Russia is sticking to its goal of controlling Bakhmut in eastern Ukraine

The day before, Ukrainian President Volodymyr Zelensky ordered the army to send reinforcements to this practically destroyed city, denying speculation regarding the withdrawal of his forces from it, despite the recent advances of Russian forces and the threat of besieging it. The Ukrainians intend to resist the depletion of forces in preparation for a counter-attack that they will launch with the heavy weapons and modern armor that the Westerners promised Kiev.

And Poland announced on Tuesday that it will deliver to Ukraine, starting this week, ten German-made Leopard 2 tanks, which Ukrainian soldiers have received training in using.

Russian Defense Minister Sergei Shoigu said on Tuesday during a meeting of military officials that was televised that Bakhmut constitutes “an important defense center for Ukrainian forces in the Donbass region. Control of it will allow additional attacks in the depth of the lines of defense of the Ukrainian armed forces.”

Experts and observers question Bakhmut’s strategic importance, but the city has gained symbolic and tactical importance, with the Russians facing difficulties in controlling it during more than seven months of fighting since August.

The Battle of Bakhmut is the longest and the deadliest since the start of the Russian invasion in February 2022.

Moscow needs a victory

Moscow is looking for a victory, albeit symbolic, following the major setbacks it suffered last fall, and hopes that the fall of the city will open the way for it to control the part outside its control of the industrial Donbass region in eastern Ukraine.

Massive devastation was inflicted on Bakhmut, in which barely four thousand people remained, compared to 70 thousand before the invasion.

After progress they have made recently, it seems that the Russians control the entrances to the city from the north, south and east, which raises the fear of besieging it.

The Russian armed Wagner Group is leading this attack with massive losses, as its leader, Yevgeny Prigozhin, who is in the combat zone, admits.

However, the latter is engaged in an open conflict with the Russian military leadership, which he accuses of not delivering enough ammunition to his men engaged in fighting on the front lines in Bakhmut. Prigozhin considers that the Russian lines will collapse if his men withdraw.

On Tuesday, he mocked the Minister of Defense, saying that he “did not meet him” on the battlefield, while the Ministry of Defense confirmed on Saturday, without going into details, that Shoigu had visited the combat zone. On Sunday, the minister visited Mariupol, which is more than a hundred kilometers from the front.

On the Ukrainian side, the battle has created a new hero, following a video circulated widely on the Internet showing what appeared to be the extrajudicial execution of a captured Russian soldier with a Kalashnikov rifle following he shouted “Glory to Ukraine!”

The Ukrainian army introduced the man on Tuesday as “the soldier in the 30th Mechanized Brigade, Timofey Mikolayovich Shadura,” explaining that the soldier had gone missing in the vicinity of Bakhmut on the third of February.

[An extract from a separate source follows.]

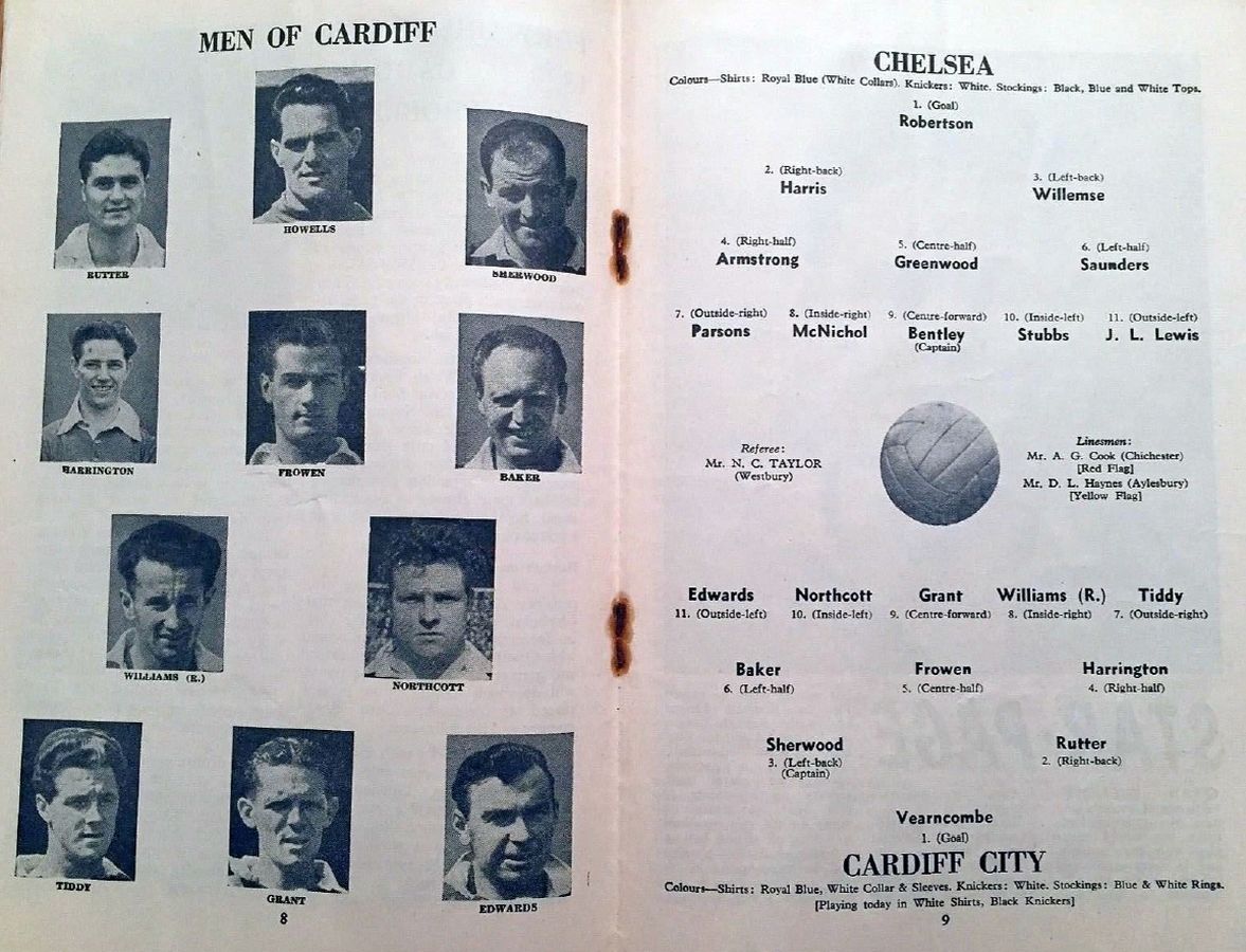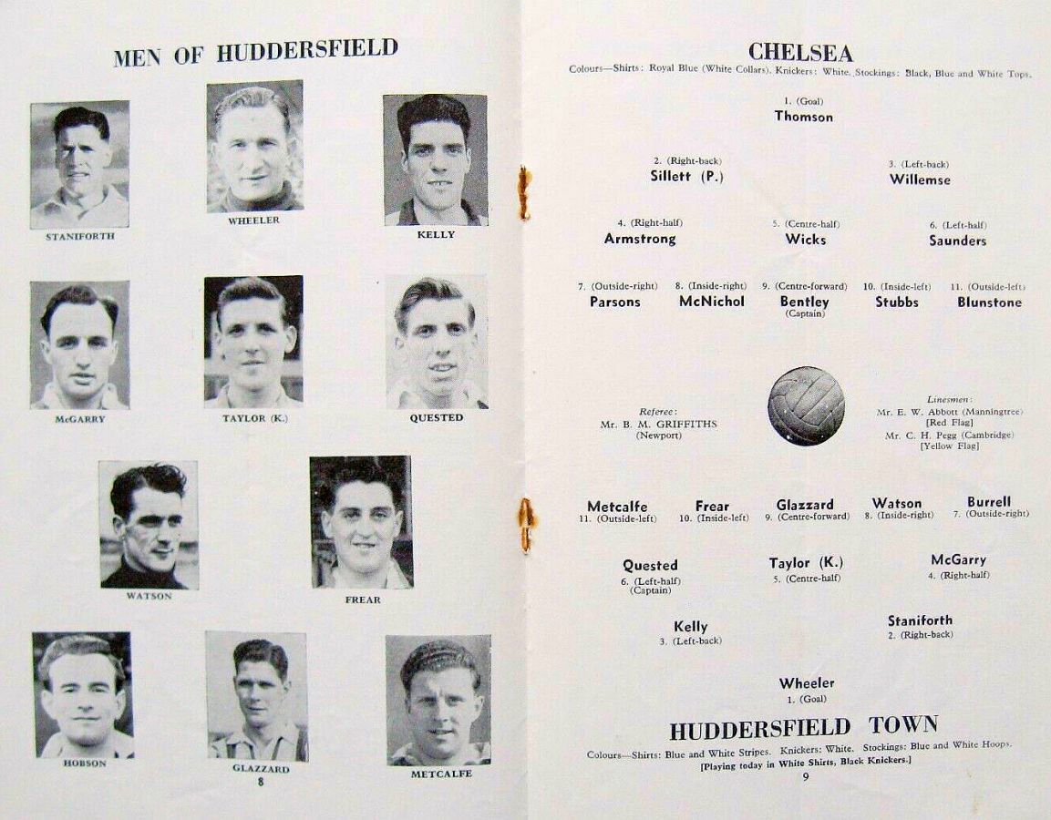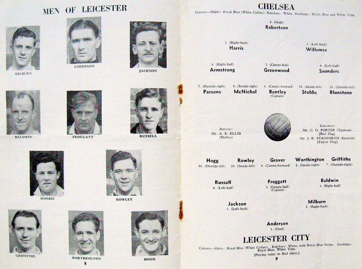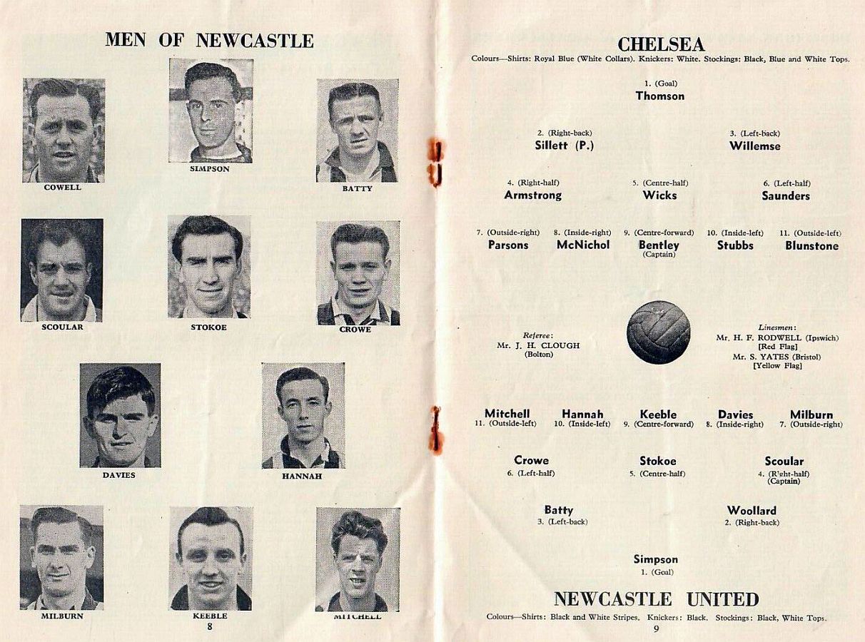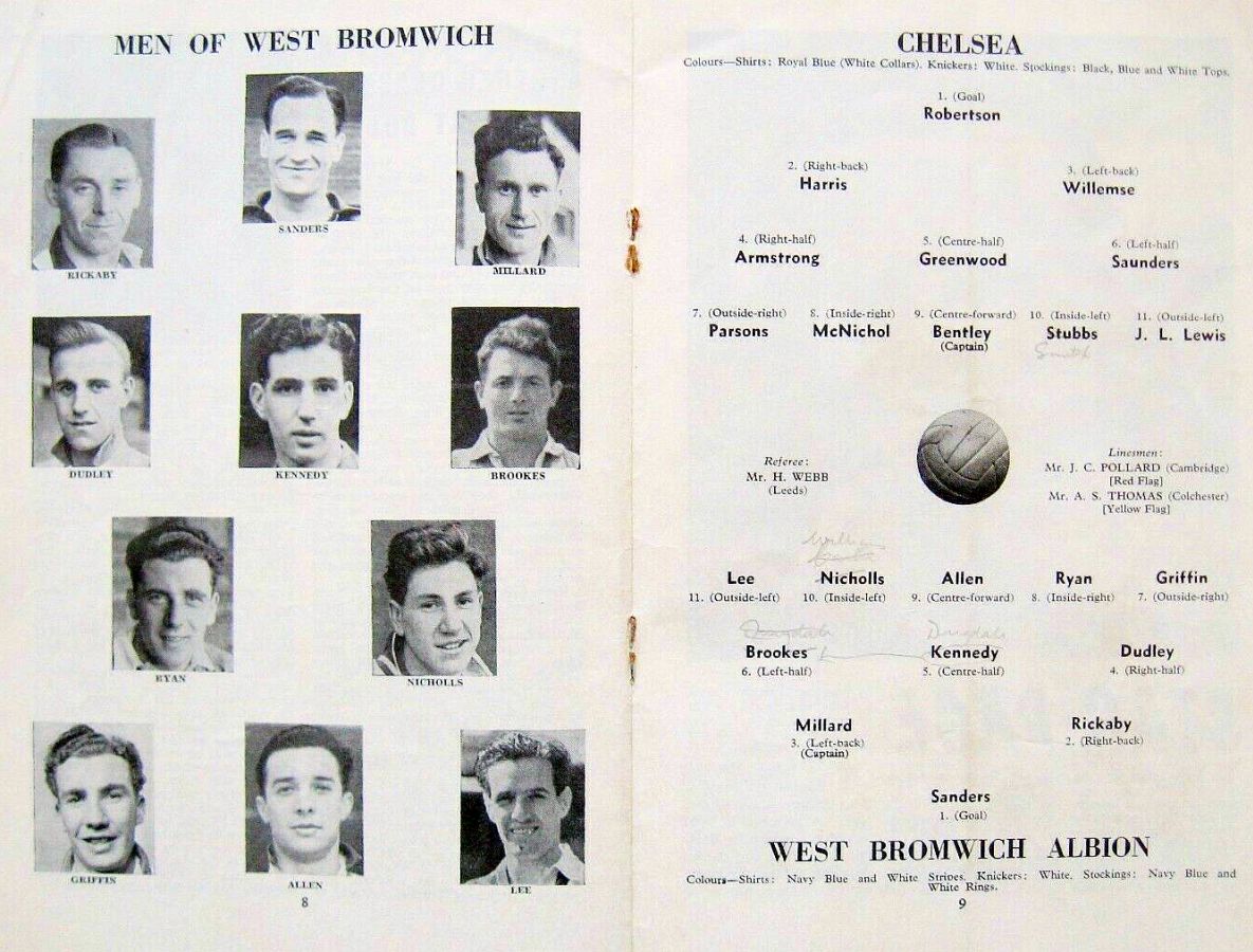 1 Chick Thomson, 2 John Harris, 3 Peter Sillett, 4 Ken Armstrong, 5 Stan Wicks, 6 Derek Saunders, 7 Eric Parsons, 8 Johnny McNichol, 9 Roy Bentley, 10 Peter Brabrook, 11 Stan Willemse |

He added that “revenge for our hero will be inevitable”.

New Ukrainian champion

AFP has not been able to independently verify the source of the footage nor whether, as Ukrainian officials assert, it shows the execution of a prisoner, which might constitute a war crime.

This video was widely spread on social media on Monday, while many publications, pictures and drawings praised this soldier and his courage and patriotism.

On Monday, Zelensky promised to “find the killers” and called on Ukrainian Foreign Minister Dmytro Kuleba to open an investigation led by the International Criminal Court.

UN Secretary-General Antonio Guterres is expected to arrive in Kiev on his third visit to Ukraine since the outbreak of the war, to discuss, in particular, the continued implementation of the Ukrainian grain export agreement, his spokesman Stephane Dujarric said in a statement.

In Russia, the repression of critics of the invasion of Ukraine and of President Vladimir Putin continues. On Tuesday, a Moscow court sentenced the founder of an opposition channel on Telegram to nearly nine years in prison for publishing “false” information regarding the army, according to the Russian News Agency.

For its part, Belarus, an ally of Moscow, announced that it had arrested more than 20 people suspected of being linked to the alleged sabotage of a Russian military plane last month at an airstrip near Minsk.

At the end of February, the Belarusian opposition in exile confirmed that a Russian plane had been destroyed at an airstrip near Minsk, in what it described as “the most successful act of sabotage” since the start of the conflict in Ukraine. Media close to the opposition indicated that the targeted A-50 aircraft was intended for reconnaissance and command purposes.

The Kremlin declined to comment, but Belarusian President Alexander Lukashenko confirmed that an A-50 of the Russian military had been targeted, stressing that the plane was not “severely damaged”. He pointed out that the main suspect is a Russian-Ukrainian man working for Kiev’s intelligence service.